← Back
NVIDIA
NVIDIA Vera Rubin POD combines seven specialized chips for agentic AI, delivering 60 exaflops across five rack systems
· releaseplatformfeatureperformance · developer.nvidia.com ↗

NVIDIA Vera Rubin POD: The Agentic AI Supercomputer

NVIDIA has introduced the Vera Rubin POD, a purpose-built, rack-scale AI supercomputer designed to address the computational demands of agentic AI systems. This platform represents a major architectural shift from traditional large language model training infrastructure toward systems optimized for multi-agent reasoning, tool invocation, and continuous workflows.

Key Specifications and Architecture

The Vera Rubin POD is a massive integrated system featuring:

  • 40 racks with 1.2 quadrillion transistors and nearly 20,000 NVIDIA dies
  • 1,152 NVIDIA Rubin GPUs delivering 60 exaflops of total compute
  • 10 PB/s aggregate bandwidth for interconnect and storage
  • Seven specialized chips across compute, networking, and storage domains
  • Built on the third-generation NVIDIA MGX rack architecture

Five Specialized Rack-Scale Systems

The POD integrates five purpose-built systems working as a cohesive unit:

  1. NVL72: Core compute engine with 72 Rubin GPUs per rack, optimized for the "four scaling laws" (pretraining, post-training, test-time scaling, agentic scaling). Delivers 4x better training performance and 10x better inference performance per watt versus Blackwell, plus 10x better inference performance/watt for mixture-of-experts workloads.

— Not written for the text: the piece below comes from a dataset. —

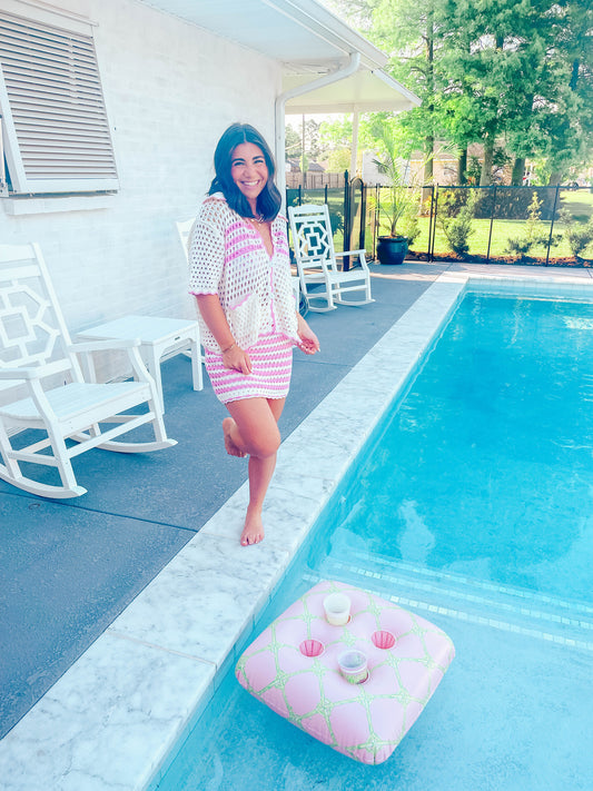 STRIPED OVERSIZED BUTTON-DOWN TOP & SHORTS SET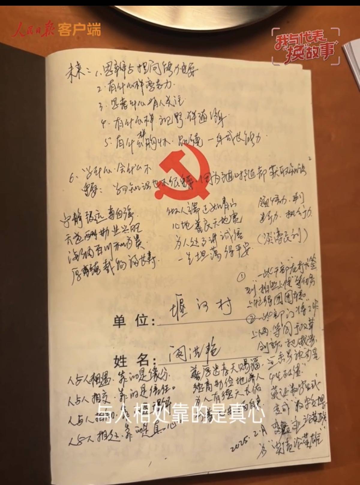 这些笔记本里,有履职中形成的建议,有村里的大小事务,有乡亲们的热切期盼,也记录着过去的苦日子、现在的好日子。闵洪艳还会把悟出的心得写在本子上激励自己:“共产党员就要敢担当、真干事。”“一村富不是富,村村富才算富。”“与人相处,靠的是真心。”“做人端正如青山,心地善良天地宽;为人处世讲诚信,一生坦荡得平安。”

  2. Groq 3 LPX: Low-latency inference engine with 256 LPUs per rack, designed for real-time agent decision-making and tool invocation.

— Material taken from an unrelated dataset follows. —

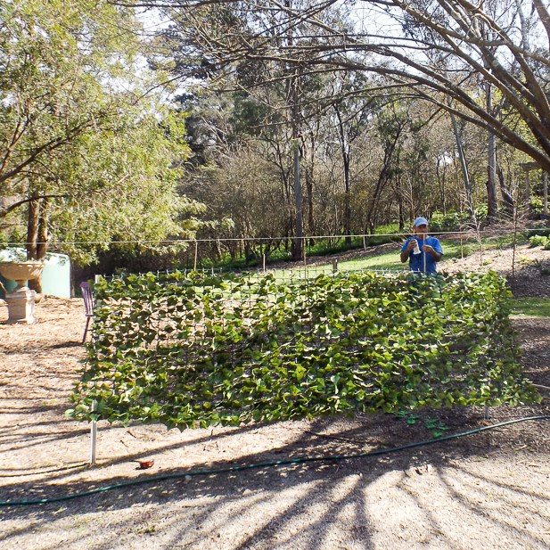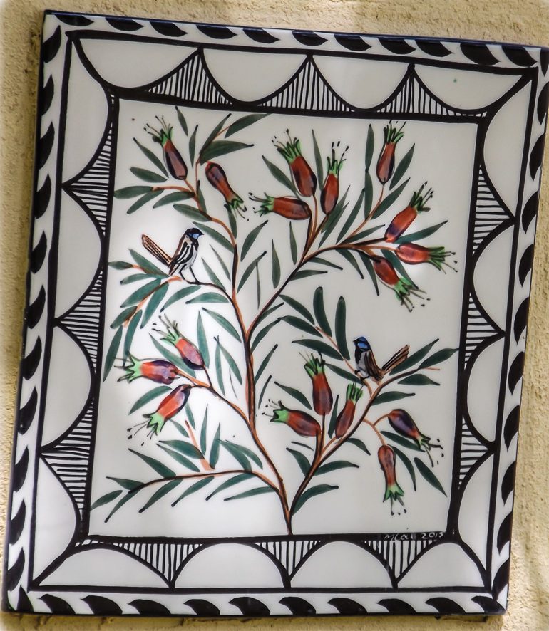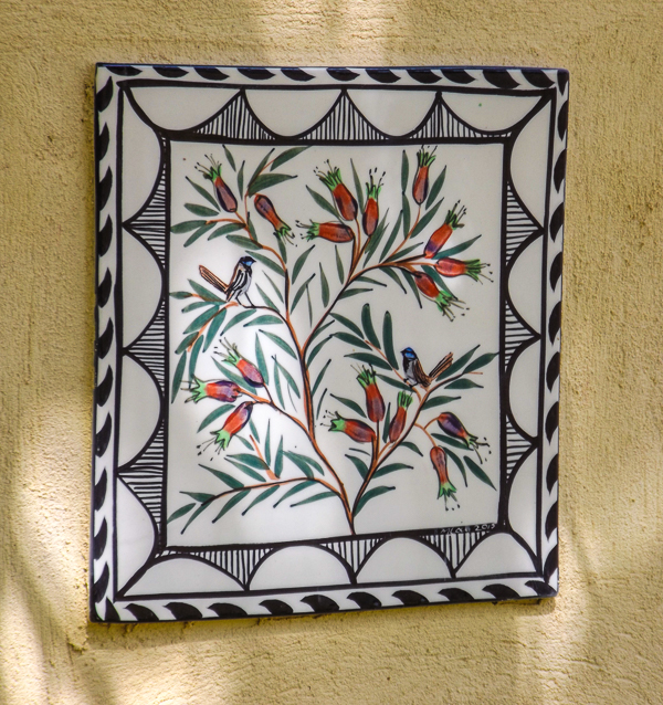 We had the idea of a tiled panel like you see in Tuscany and Greece with a tap coming out and running water – Mary-lou had great ideas and off she went – then COVID came, then we waited for the right weather and Vince glued them up at last.

  3. Vera CPU: Dense CPU sandbox with 256 CPUs per rack for large-scale reinforcement learning, code execution environments, and agent validation.

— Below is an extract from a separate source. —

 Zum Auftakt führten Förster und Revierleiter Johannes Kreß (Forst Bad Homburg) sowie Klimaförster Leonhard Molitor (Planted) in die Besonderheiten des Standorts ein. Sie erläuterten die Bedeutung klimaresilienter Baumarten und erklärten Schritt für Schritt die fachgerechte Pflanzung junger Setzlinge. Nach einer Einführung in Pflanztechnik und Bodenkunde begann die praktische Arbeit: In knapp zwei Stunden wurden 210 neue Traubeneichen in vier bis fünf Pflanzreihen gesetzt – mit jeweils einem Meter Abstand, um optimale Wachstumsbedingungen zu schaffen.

  4. BlueField-4 STX: AI-native storage system with CMX technology for KV cache management and massive context memory support.

  5. Spectrum-6 SPX: Silicon photonics-based networking for low-latency, resilient connectivity between rack systems.

Purpose-Built for Agentic AI

This platform addresses the emerging paradigm where AI agents interact with each other in continuous loops, requiring:

  • Massive KV cache management for long-context reasoning
  • Low-latency inference for real-time decision-making
  • Dense CPU resources for sandboxed execution and validation
  • Mixture-of-experts routing for specialized sub-models
  • Reinforcement learning infrastructure for agent refinement

Deployment and Ecosystem

The Vera Rubin POD leverages NVIDIA's open MGX standard with over 80 global partners in the supply chain. All rack systems share compatible power, cooling, and mechanical envelopes, enabling rapid deployment and integration. The platform targets energy-efficient data center operations for the next generation of AI workloads dominated by agent-to-agent interactions rather than human-to-AI interactions.